The President’s rhetoric notwithstanding, is the Democratic Party committed to bold change? Or, is it more inclined toward incremental steps that ameliorate middle class pain but hold out the promise of something more effective in the future? Unless the Democratic Party is prepared to wage war with the Republicans in the Congress, the resurrection of the middle class is practically impossible.

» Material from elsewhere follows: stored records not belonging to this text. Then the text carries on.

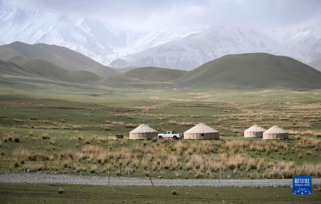 5月31日在新疆和田地區策勒縣昆侖山區拍攝的一處高山牧場景觀。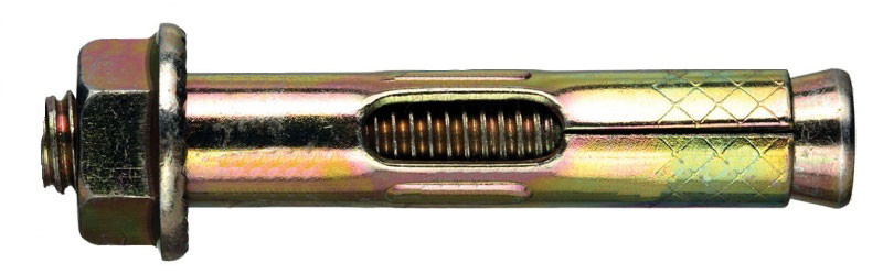 Анкерный болт с гайкой используется для крепления различных конструкций (стальные конструкции, барьеры, ограждения и т.д.) в полнотелых материалах. Состоит из втулки, шпильки с конусом и гайки прокладки.
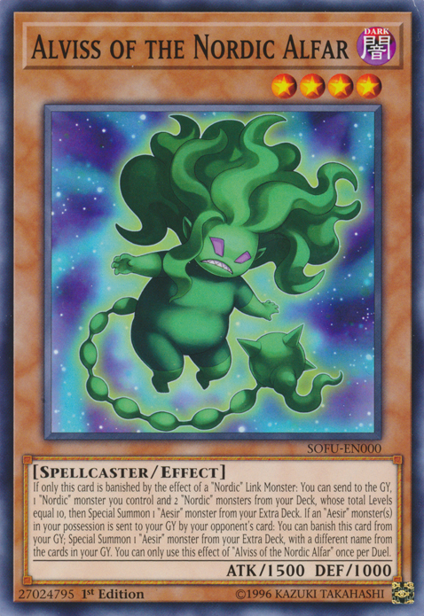 If only this card is banished by the effect of a “Nordic” Link Monster: You can send to the GY 1 “Nordic” monster you control and 2 “Nordic” monsters from your Deck whose total Levels equal 10, then Special Summon 1 “Aesir” monster from your Extra Deck. If an “Aesir” monster(s) in your possession is sent to your GY by your opponent's card: You can banish this card from your GY; Special Summon 1 “Aesir” monster from your Extra Deck with a different name from the cards in your GY. You can only use this effect of “Alviss of the Nordic Alfar” once per Duel.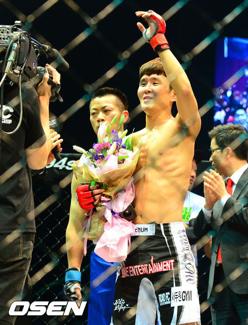 윤형빈은 9일 오후 8시 서울 송파구 방이동 올림픽공원 올림픽홀에서 치른 '로드 FC 14'에서 일본의 타카야 츠쿠다를 1라운드 4분 11초 만에 TKO로 때려눕혔다.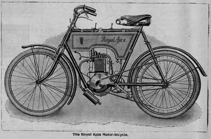 “THE AJAX MOTOR-BICYCLE. The Royal Ajax motor-bicycle has recently been introduced by the Silver Queen Cycle Co, 18, Gray’s Inn Road, WC. The engine is 2¾hp with automatic inlet valve, the gas being supplied from an English spray carburetter with throttle. The petrol tank has a neat pointer indicating quantity, and will hold petrol sufficient for 160 miles. Space for lubricating oil is included in tank, and a flap-fronted compartment for two accumulators and coil. Ignition is by high-speed trembler coil and wipe contact. A special form of triple head, a large motorcycle free-wheel clutch, a stand and carrier, with portion of back mudguard attached for convenience of puncture repair are features of the machine. V-belt, efficient brakes and Clincher tyres complete the specification. The price, 38 guineas net cash, includes carriage and the various fitments mentioned above.”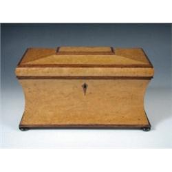 An early 19th century burr maple tea caddy, the waisted sides of the sarcophagus shape with ring handles, the lid closing on fillets of rosewood, the interior with two canisters and cut glass mixing bowl, 32cm wide £400-600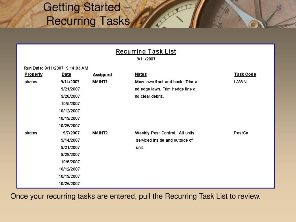 Getting Started – Recurring Tasks Once your recurring tasks are entered, pull the Recurring Task List to review.
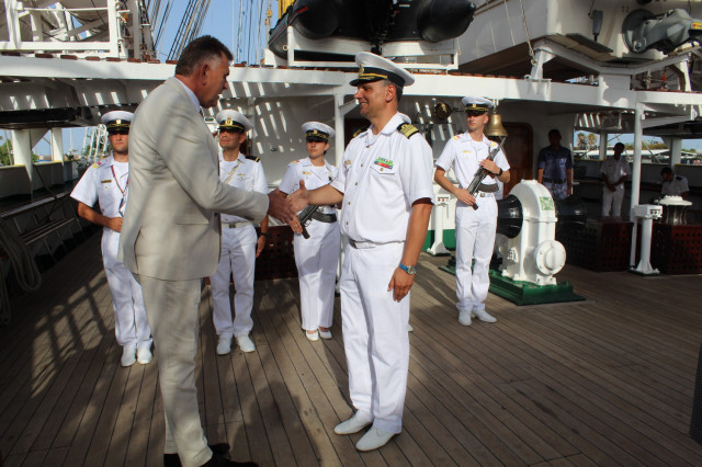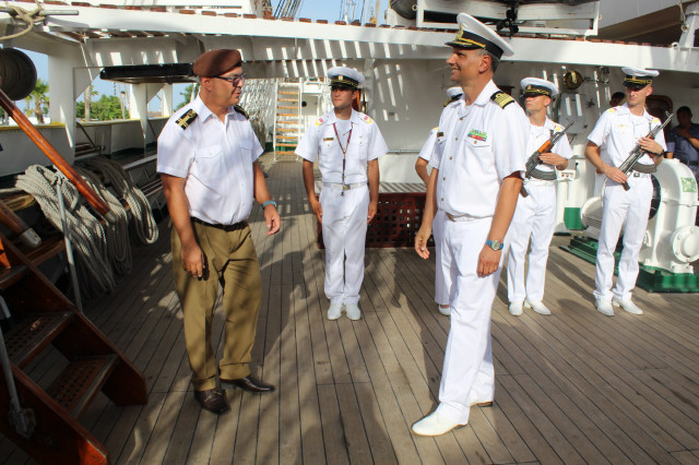 În a doua zi a escalei, domnul comandant, împreună cu doamna consul general au fost primiți de președintele Autorității Portuare, domnul Aurelio Martinez Estevez și de alte autorități portuare.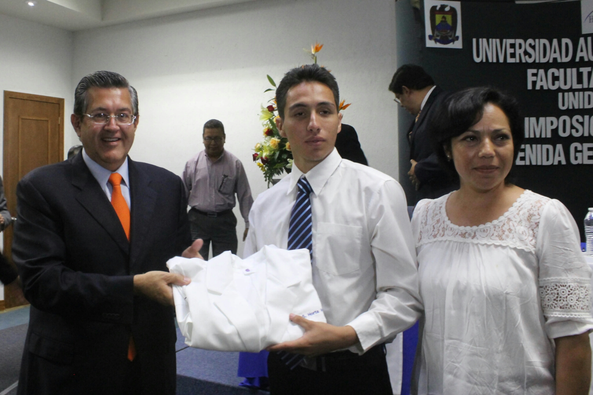 Al haber obtenido el puntaje más alto con 145.7 puntos en el examen de admisión, José Salomón Orta Hernández, recibió de manos del rector Blas Flores la bata blanca que le fue impuesta por su madre.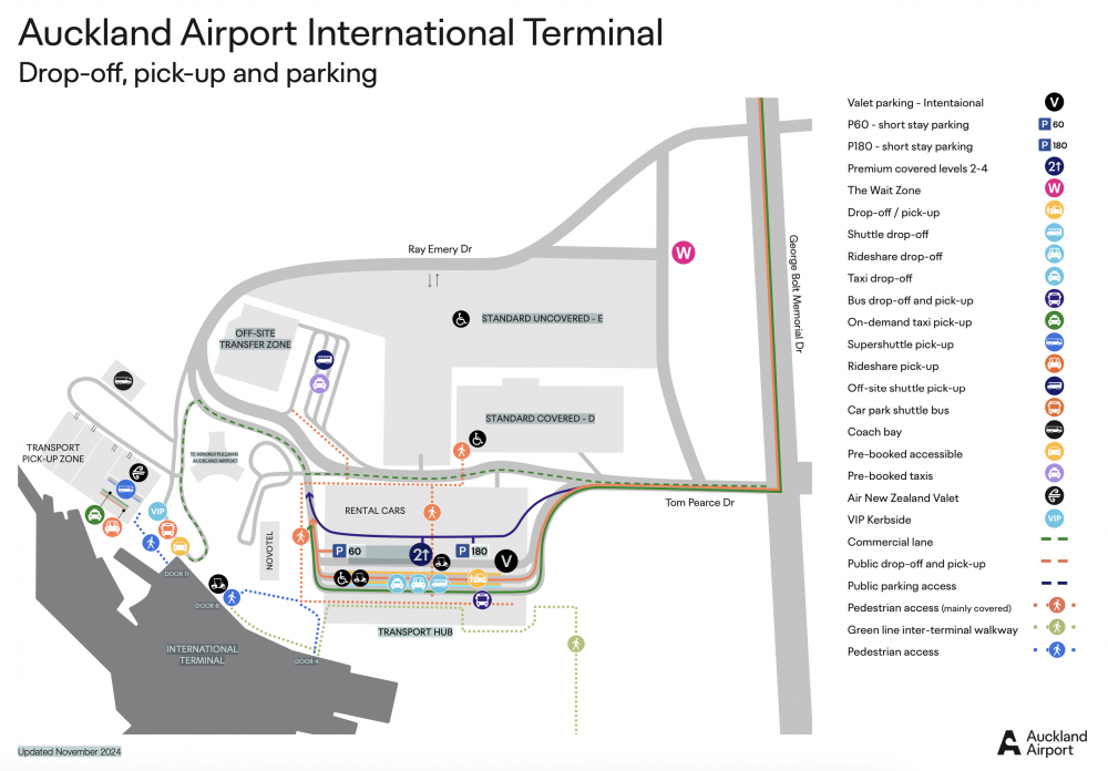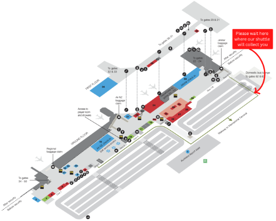 Please make your way to door 4. Off-site shuttles are located at the Off-site Transfer zone - lanes 1 & 2, north of the Transport Hub outside the arrivals area of the international terminal. The Off-site Transfer zone is located behind the Te Arikinui Pullman hotel and is about a 5–7-minute walk.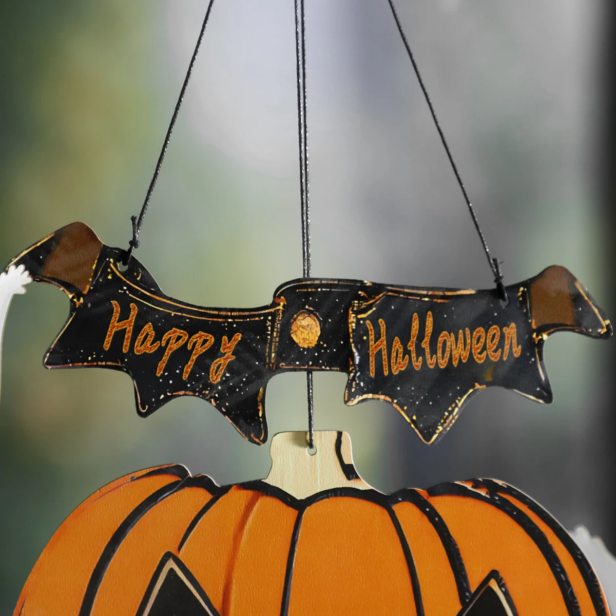 Wooden Halloween Hanging Decor, "Happy Halloween"Banner with Pumpkin Lantern & Ghost Ornaments, Spooky Wall Decor for Home Party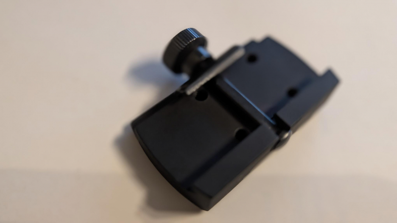 Werkzeuglose Montage: Durch die große seitliche Rändelschraube (Thumb-Screw) lässt sich die Montage schnell und sicher per Hand auf jeder MIL-STD 1913 Picatinny-Schiene fixieren.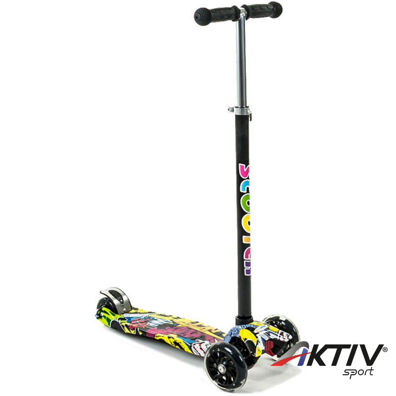 Fekete háromkerekű roller, amelynek nem csak vagány mintája van, de használatkor még a kerekei is világítanak!
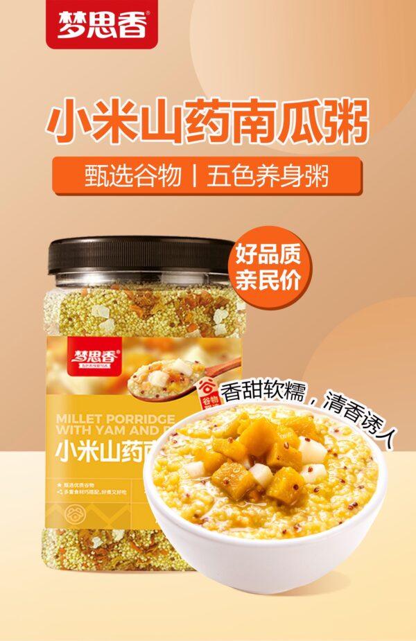 2️⃣ 小米山藥南瓜粥(配料:黃小米、玉米糝、山藥丁、南瓜幹、地瓜幹、紅扁豆、紅藜麥)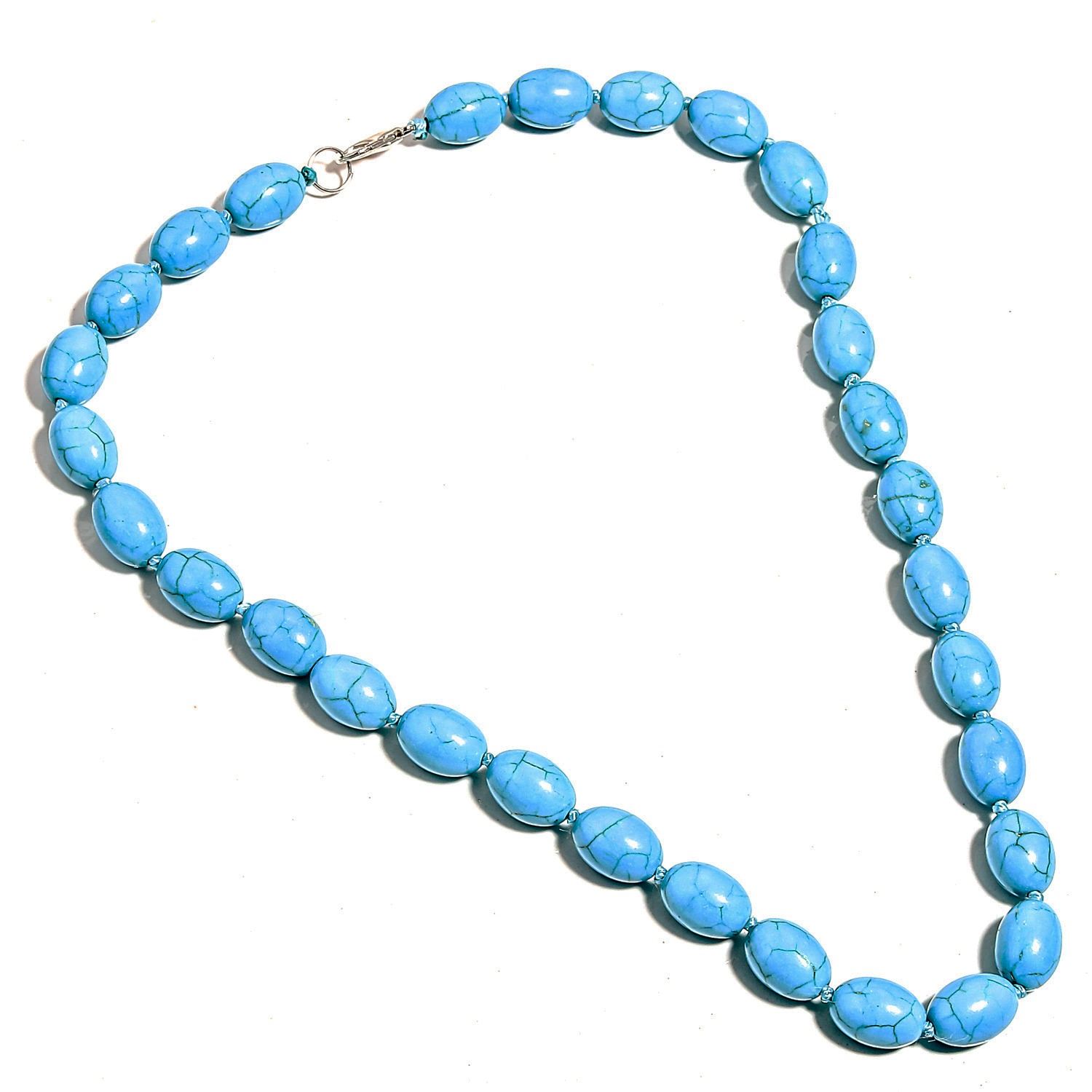 NATURAL TURQUOISE GEMSTONE NECKLACE JEWELRY 18" , Jewelry Type : Necklace , Gemstone : Turquoise , Gemstone Shape : Oval , Gemstone Size : 10x14 , Gemstone Color : Blue , Necklace Size : 18 Inches , Metal : White Brass , Metal Purity : Silver Plated , Total Weight : 46.50 Gram , Product Code : SGJMXNEC1025

It may be safe to say that the electorate will bear much of the responsibility for defining the contours of today’s American dream in light of a prime, 21st century political reality: a diminished role for the federal government partnering with the private sector for the betterment of society. Government will play a smaller role circumscribed by conservatives who believe government has no positive role to play in building and nourishing the middle class through strategic investments in our capitalist economy.

Robert Parry, Consortium News, in his article “Selling the ‘Supply-Side’ Myth, says Republicans are pinning their hopes for success this fall on “an ill-informed electorate (especially white men) siding with the 1 percent over their own working- and middle-class interests.”

Hope is the bulwark against despair, and that is what the President offers America’s beleaguered middle class. That said, he cannot accomplish “miracles” (which everything seems to be today) without a constructive partnership with the Congress and corporate leadership.

Our future is at stake and we are going to have to get back into the trenches. If the dream of ever owning a home again, educating your children without incurring an insurmountable mountain of debt, or retiring with a little dignity, is to become reality in our lifetimes, we must vote our interests. This time, we have to be smarter than we have been.

George Kennedy

George Kennedy is a retired senior Foreign Service officer with extensive international experience. He holds a B.A. from the University of Oregon and two graduate degrees from the Johns Hopkins School of Advanced International Studies in Washington, D.C. Mr. Kennedy was a political advisor to state and federal officials and has authored strategy pieces for Members of Congress and presidential candidates. He serves on the Advisory Board for the School of Social and Behavioral Sciences at the University of Arizona.